Not to sure on much else. So far within a week it has grown twice its size and I really like the needle like leaves. I have mine in a 20 gallon, 55 watts PC, pH 6.7, kh 3 with C02. Makes a great filler. All the info above is based on my 1 week experience.

Mike
http://fish.silver-fox.us

[This message was edited by mm12463 on Sun December 14 2003 at 09:22 PM.]


----------



## Guest

Here is Top view










-------------
Regards,
Jay Luto


----------



## Justin Fournier

I can tell you that given even a decent amount of nutrients and light, this plant will grow like no other. Once it established in my tank, it required pruning every couple days. I believe JoneZay had much the same experiance.

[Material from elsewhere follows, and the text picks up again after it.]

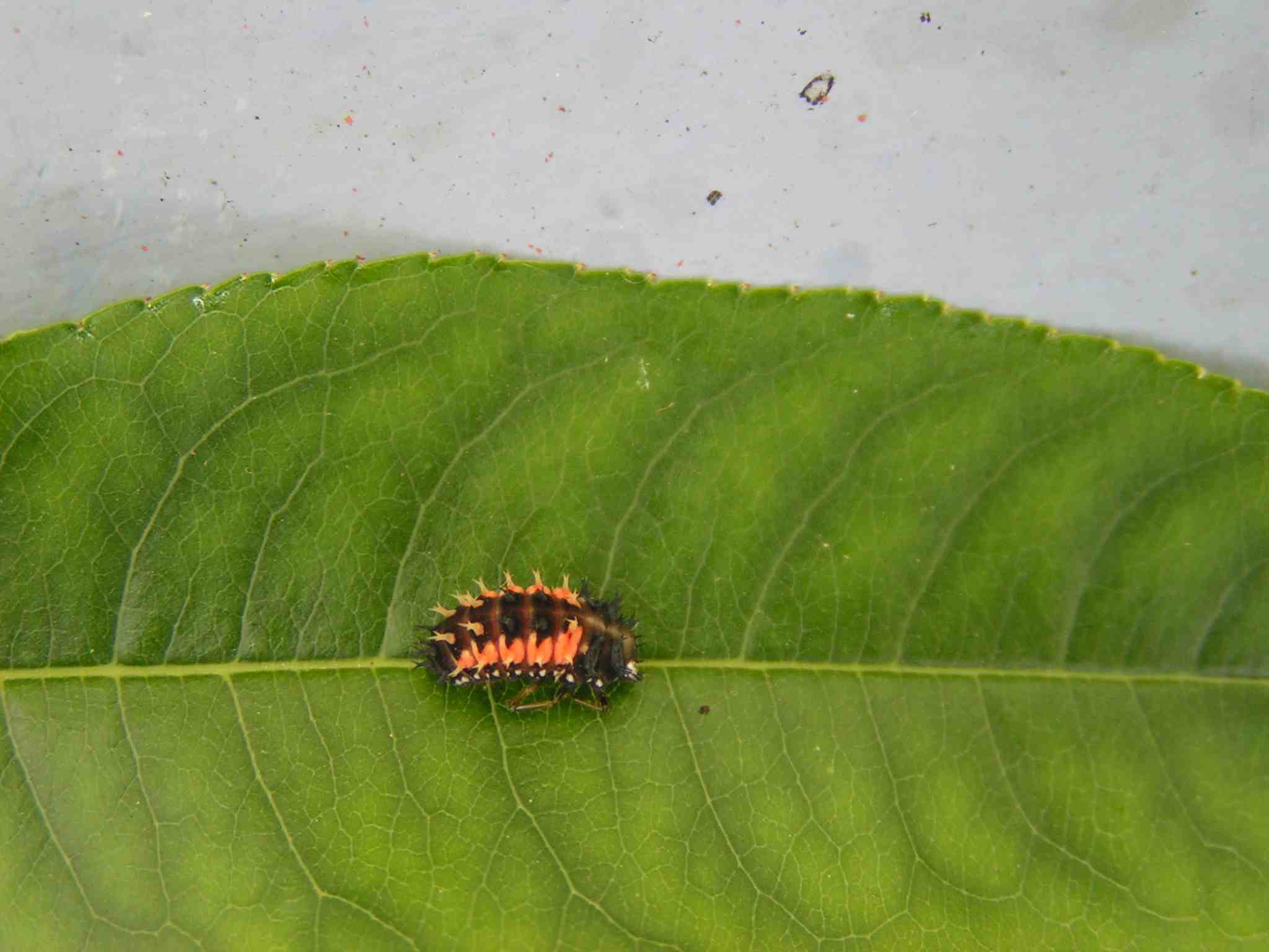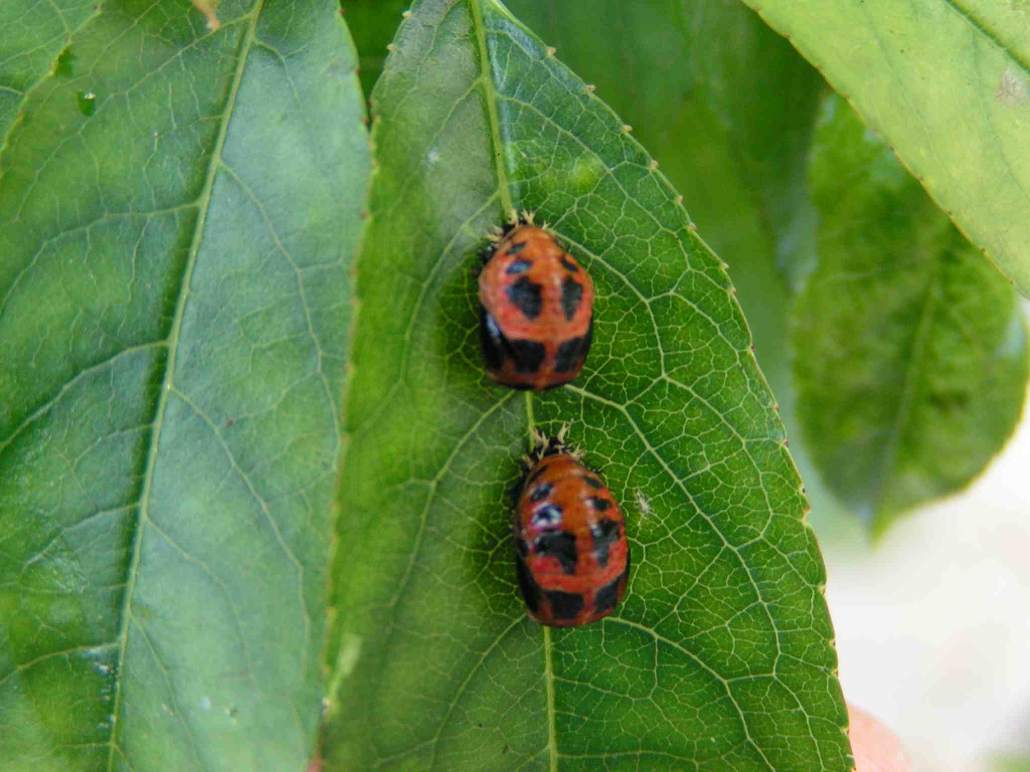 Il ressemble à un tique, la couleur en plus et au lieu de sucer le sang des mammifères, il broute les feuilles de mon pêcher ! Il a une ventouse ou une bouche-ventouse, un énorme abdomen. Il est rouge avec des taches noires. Sa larve a un vague air de famille avec celle de la coccinelle. La larve se déplace mais je ne vois pas l'adulte bouger. Il est scotché à la feuille par sa ventouse. Ses pattes, si c'en sont, sont tout près de la bouche ventouse.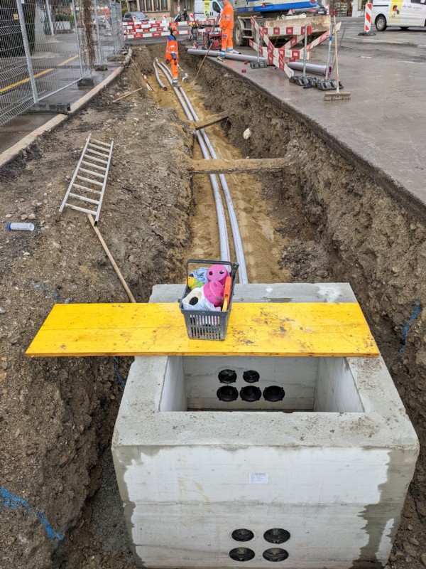 Eines der Rohre, das die beiden Arbeiter verlegen, muss an einen bestehenden Schacht angeschlossen werden. "Dafür müssen wir eine Kernbohrung machen", sagt einer der beiden. Die anderen beiden Rohre sind bereits an einen neuen Schacht angeschlossen, der als Ganzes in die Baugrube gestellt wurde. "In diesen Schächten kann man die Kabel verschlaufen", sagt Gygli. Heisst: Indem man die Kabel in eine Schlaufe legt, können sie die Richtung wechseln, ohne geknickt und gespannt zu werden.

I would do this plant in a low light setup next time, to keep it more managable.


----------



## Kevin Jones

the stuff is nuts!!! once settled in, in tanks ranging from 2-4wpg with CO2 this plant was growing an inch or two daily!! I now have it in a lower light non-CO2 tank so i can actually keep up with it


----------



## Astrid

I have the similar experiences with this plant. It grows really fast.


----------



## Rumpled

I have two questions with this plant, how do you get the red colour, I have the plant in a 90 gallon with 3 X 150 metal halides at 5700K and given this light why is the plant got long internode lengths, could it be the temp, the light colour or is there some other factor I am not aware of?

Paul


----------



## Robert Hudson

Good question! I have never seen red Ambulia either!


----------



## Robert Hudson

BTW, this plant has become a federal noxious weed, meaning it is illegal in all 50 states.


----------



## imported_pineapple

My experience of growing this in a 30g 3.6 wpg tank is that the internodes are long. In another tank, a 20g at about 2.6 wpg, the internodes are compact (short) and the leaf form is fine and feathery (lovely actually, more so than in the high light tank). Both tanks have CO2 and similar NPK regimes.

Andrew Cribb


----------



## EDGE

the redness comes from intense lighting and high micro nutrients. My sessilfolia was similar to ones in the photo, but I had to pull the plant out. It was growing too fast for the back of the 75 gallon. The plant was choking out the light for the other plants within a few days of pruning.


----------



## imported_russell

my ambulia turns redish-yellow when it reaches up around the top 4 inches of my tank. man robert, i am breaking another law!!


----------